Xander menempati kamarku dengan sepihak. Walaupun aku berteriak, memarahinya, itu sama sekali tidak mempengaruhinya. Xander melanggar otoritasku seolah aku hanyalah debu tak kasar mata. Dengan nyamannya, pria itu menghempaskan tubuh di atas tempat tidurku, tanpa bersalah sama sekali. "Kamarmu nyaman sekali, sayang. Kemarilah."
"Cih."
Ia menumpu kepalanya seraya memandangiku yang masih berdiri di pintu. "Kita bisa tinggal di ruangan ini bersama karena kau pun telah menolak tinggal di rumahku," dengan tangan lain ia menepuk kasurku. "Kemarilah, jangan sungkan-sungkan."

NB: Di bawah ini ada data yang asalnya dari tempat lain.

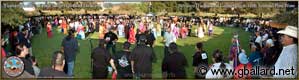 Beautiful wide panoramic event photograph of colorful Native American powwow in Southern California.
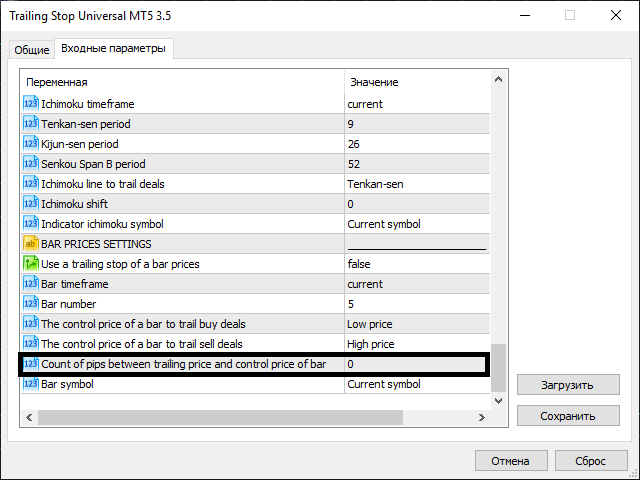 В настройках появился новый параметр: "Count of pips between trailing price and control price of bar".
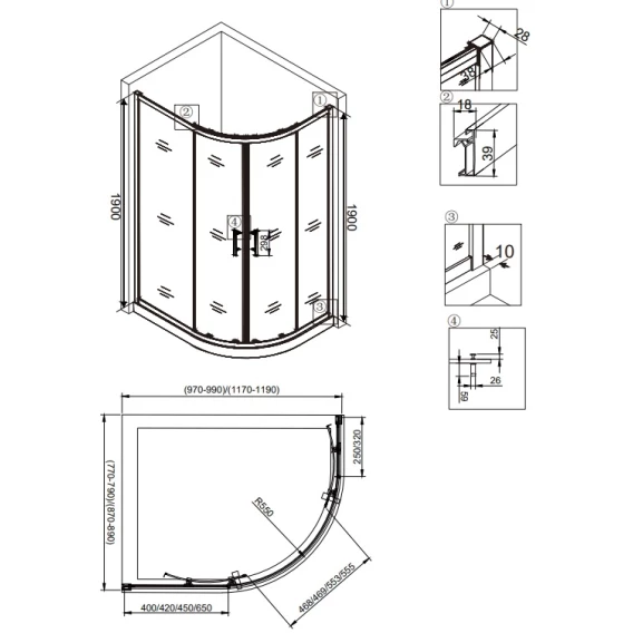 Душевой уголок 99x89 см Veconi Rovigo RV08-10090A-01-19C3 прозрачное
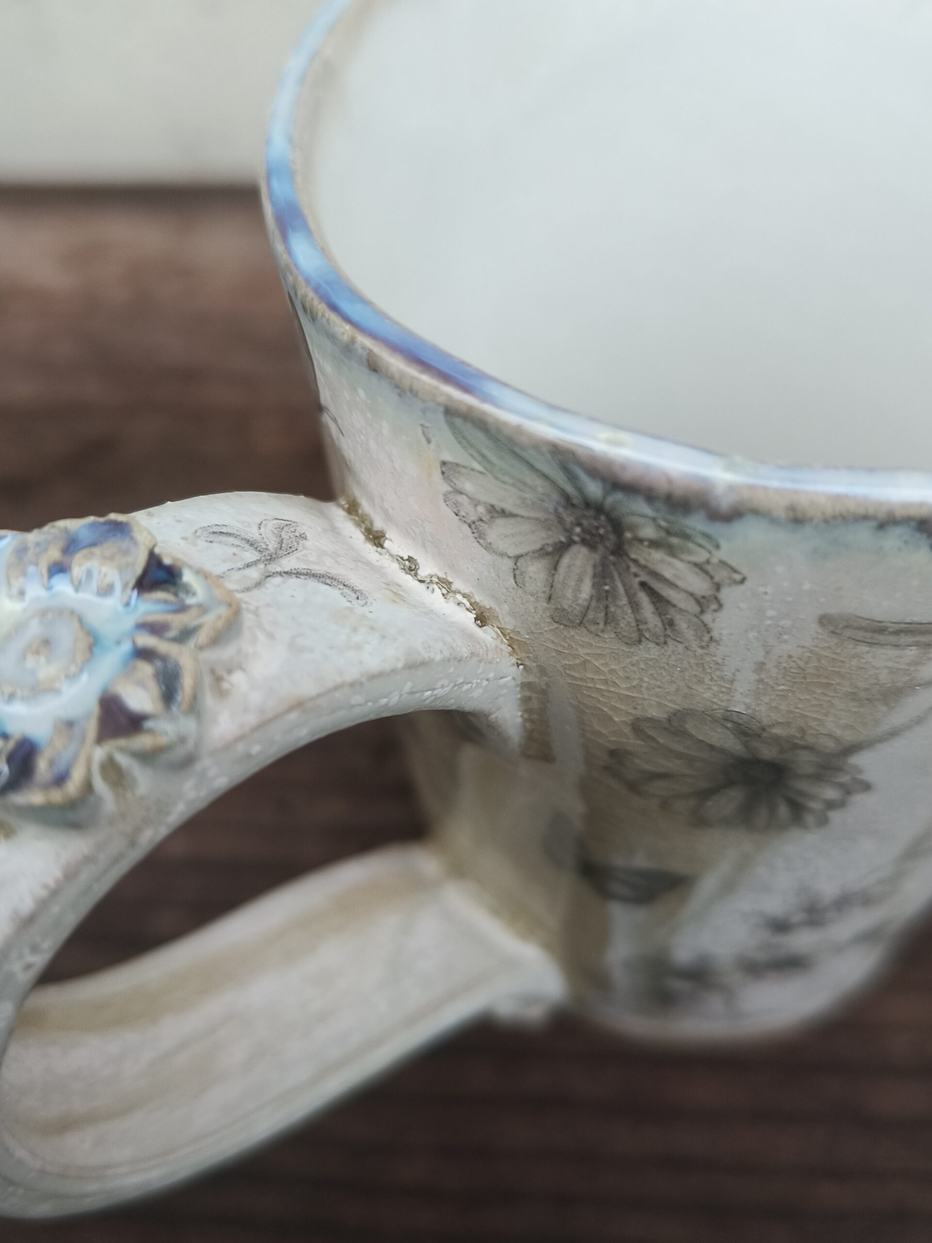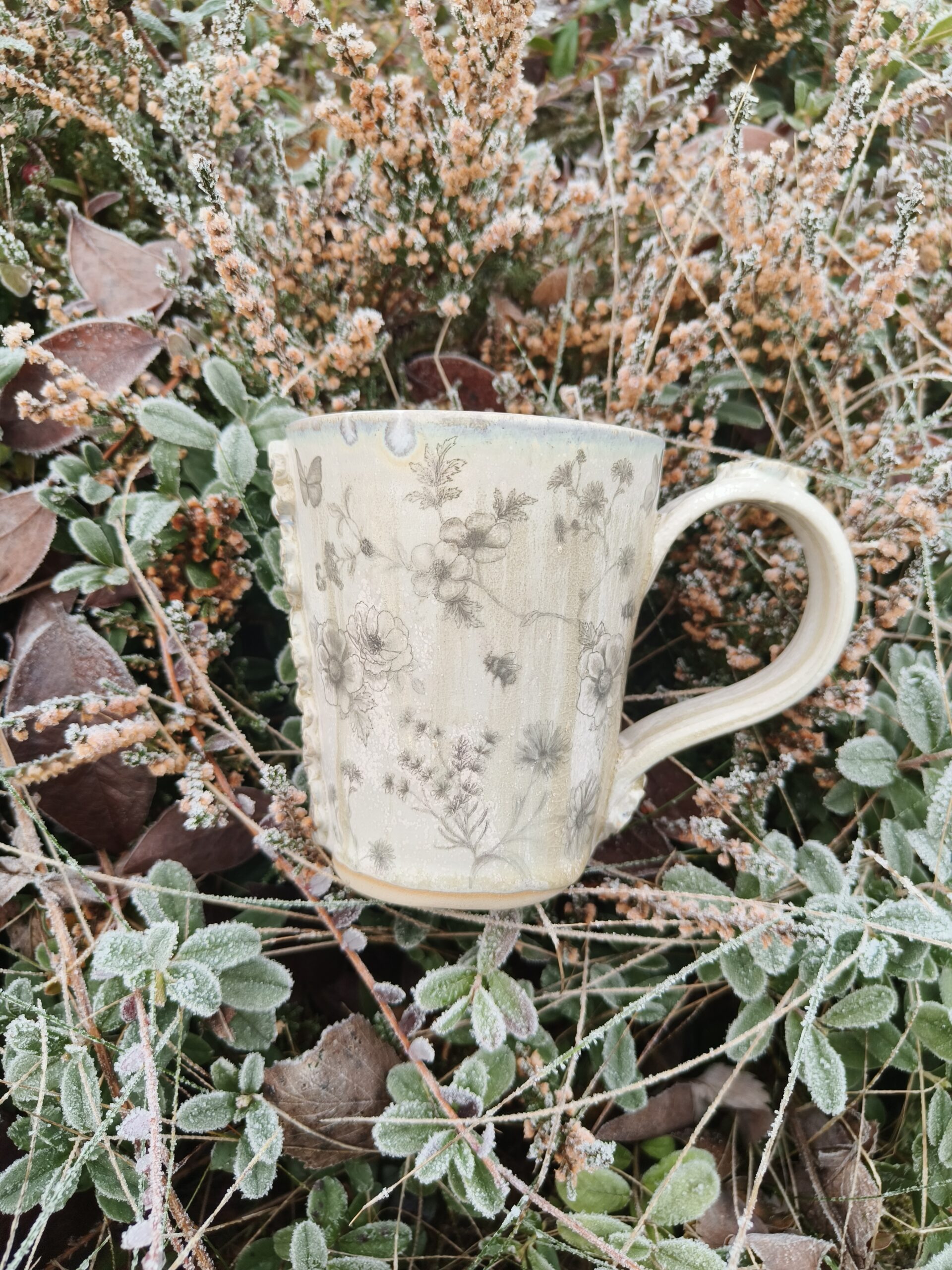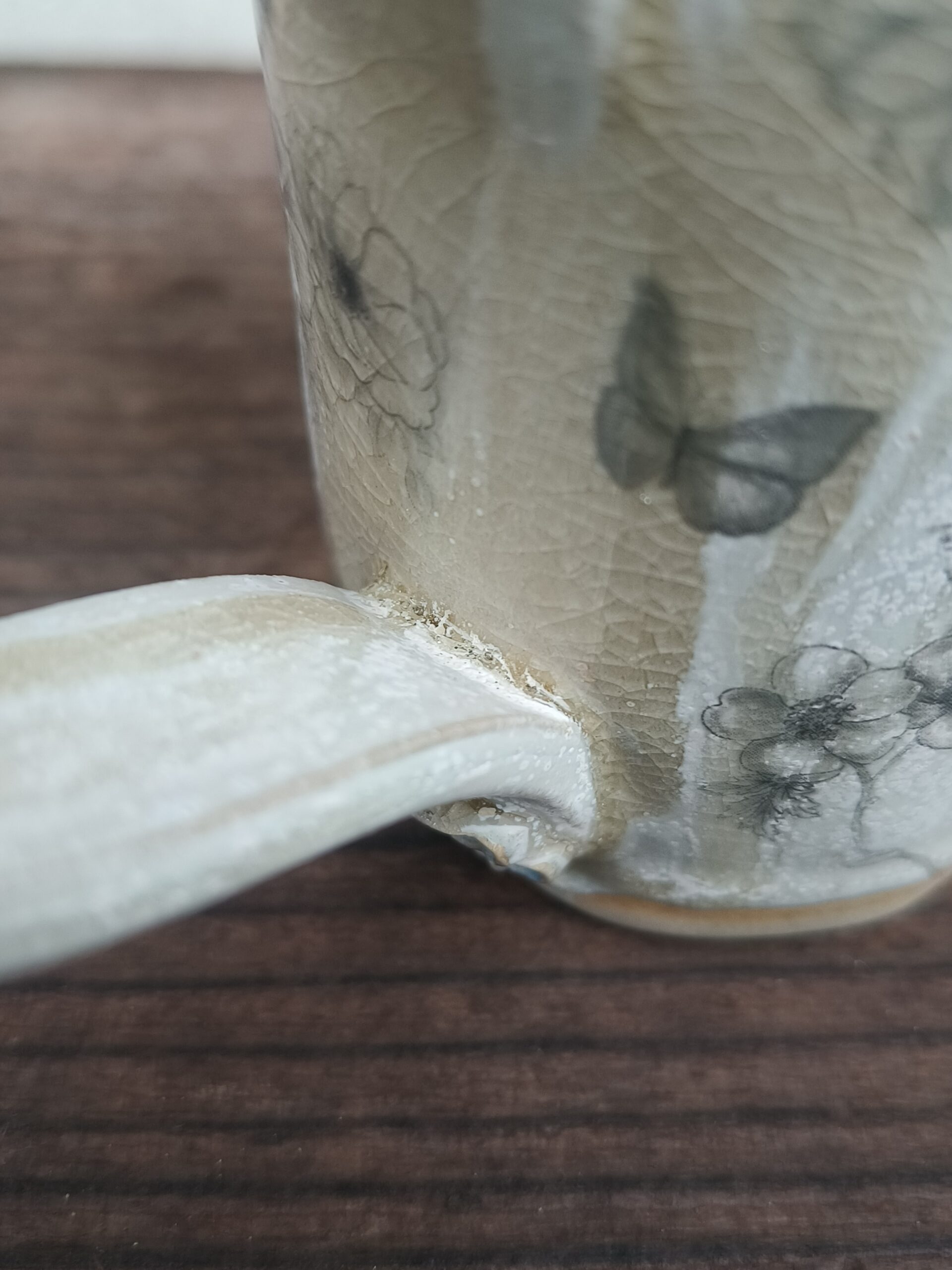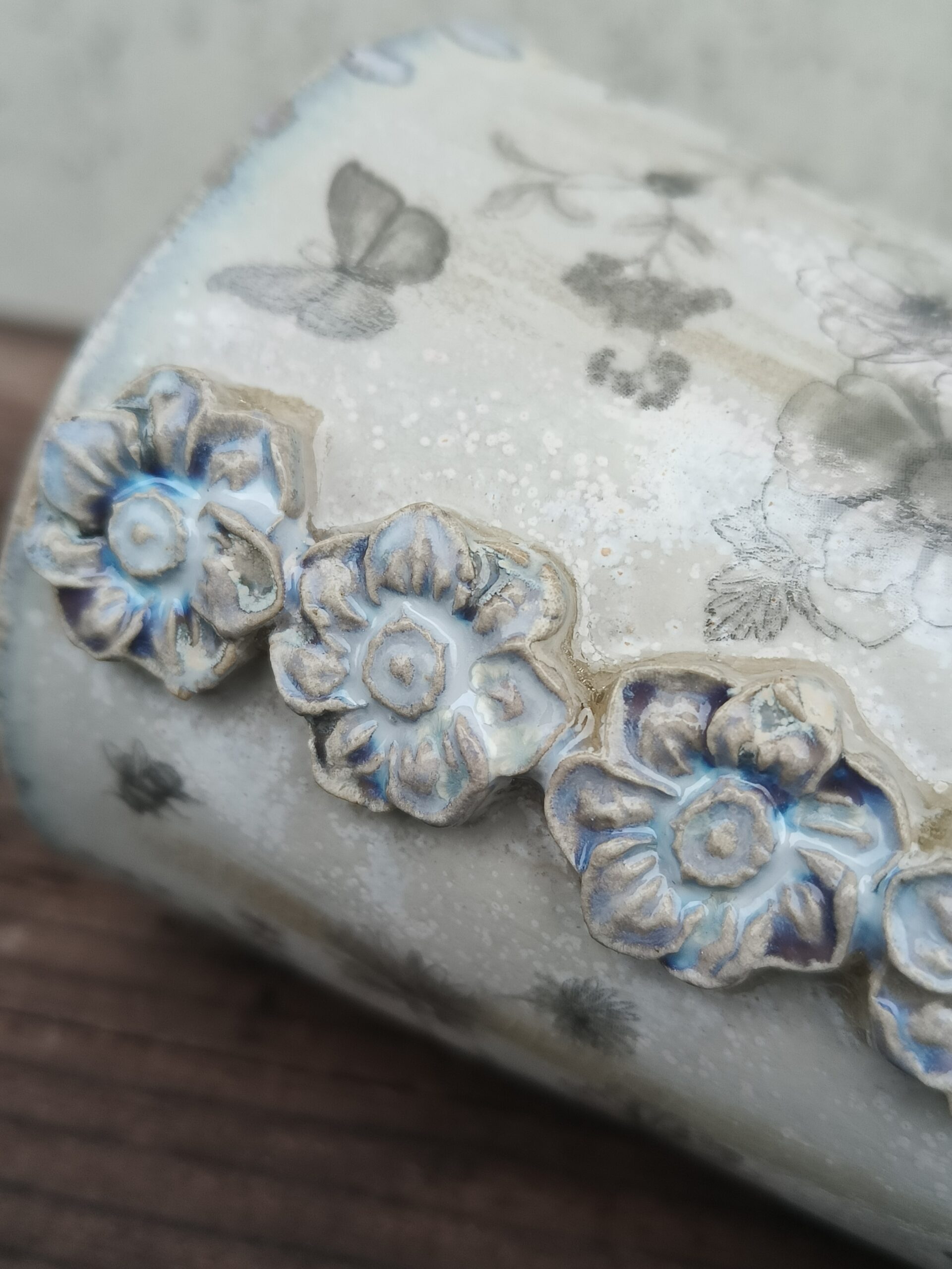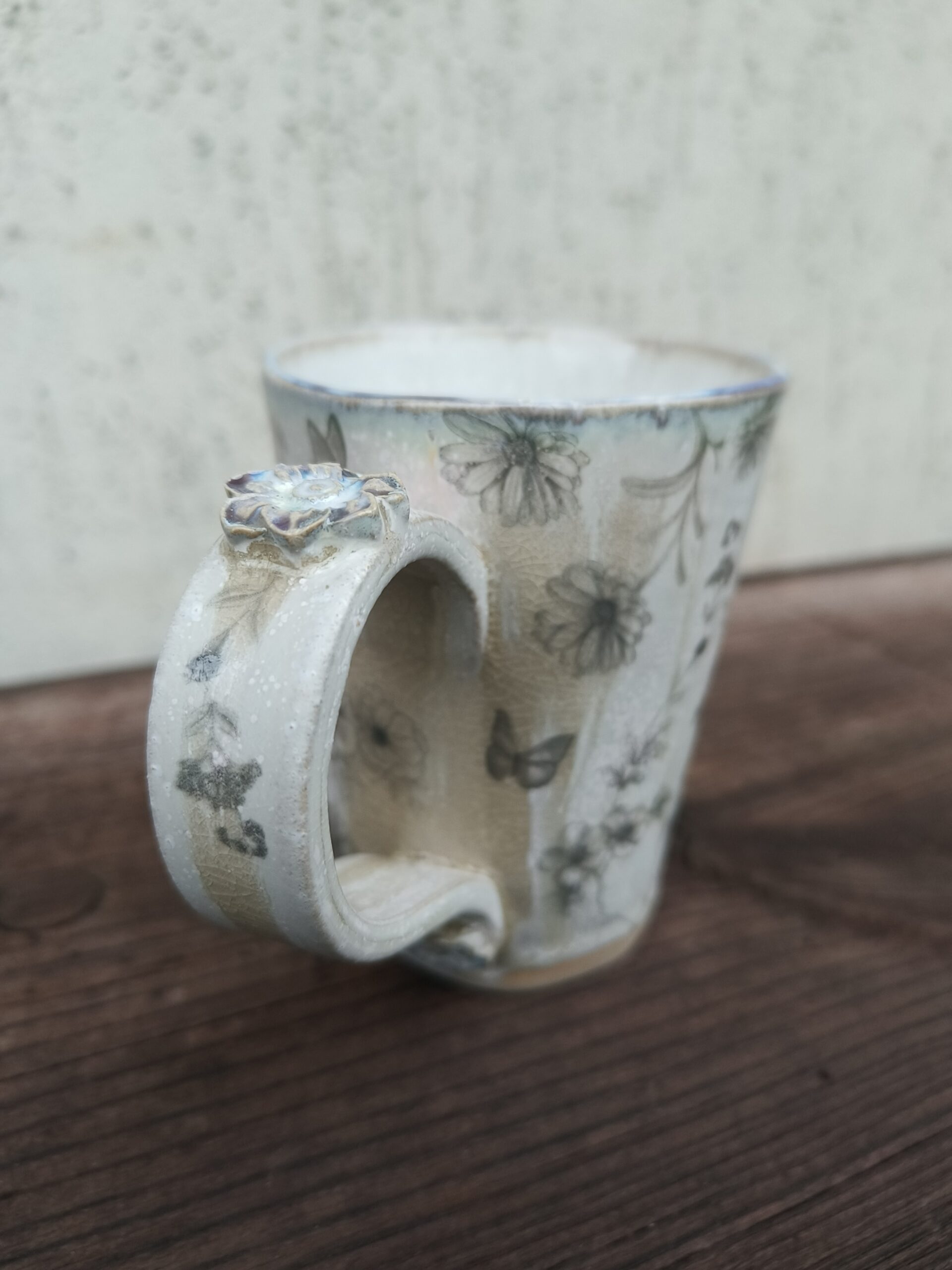 Kõrgkuumus käsitöökeraamika. Kaunite glasuuriefektidega ja tagasihoidliku võluaeda meenutava must-valge taimemustriga kaunistatud tass. Pealt mati, seest läikiva glasuuriga. Tass mahutab 300 ml. Läbimõõt ülevalt 8,5 cm ja alt 6 cm. Kõrgus 10,5 cm. Võib pesta nõudepesumasinas. Komplekti sobiva alustaldriku leiab SIIT. Kohtades, kus glasuuri on paksult, esineb pragulisust (kraklee) ja kollakas läikiv kiht. Tegemist ei ole defektiga, vaid selle glasuuri eripäraga. Vaata viimaseid pilte.

Aku menggeleng pelan. "Yang benar saja, hei, jangan—" Xander sudah menaikkan kedua kakinya, padahal sudah tertulis jelas tidak ada yang boleh menaikkan kakinya sebelum mencuci kaki! "Ah, kau bisa mengotori sperainya, bodoh!"
"Aku mau mengotorinya bersamamu," Ia mengerling singkat. "Itu akan menyenangkan."
"Oh, Xander, yang benar saja." Pria satu ini selalu berhasil membuat hormon dan emosiku jadi tidak karuan begini. Aku memukul kakinya "Kau pikir bisa seenaknya di sini?"
Xander mengedarkan pandangan lalu berhenti pada mataku. "Ini rumahmu, berarti ini rumahku juga. Rumahku adalah tempat yang aku bisa bertindak seenaknya. Jadi, tentu saja aku bisa berbuat seenaknya," ia menyeringai penuh. "Aku sangat senang." Ia pun terduduk sedangkan aku hanya memandanginya. "Kau tidak senang?"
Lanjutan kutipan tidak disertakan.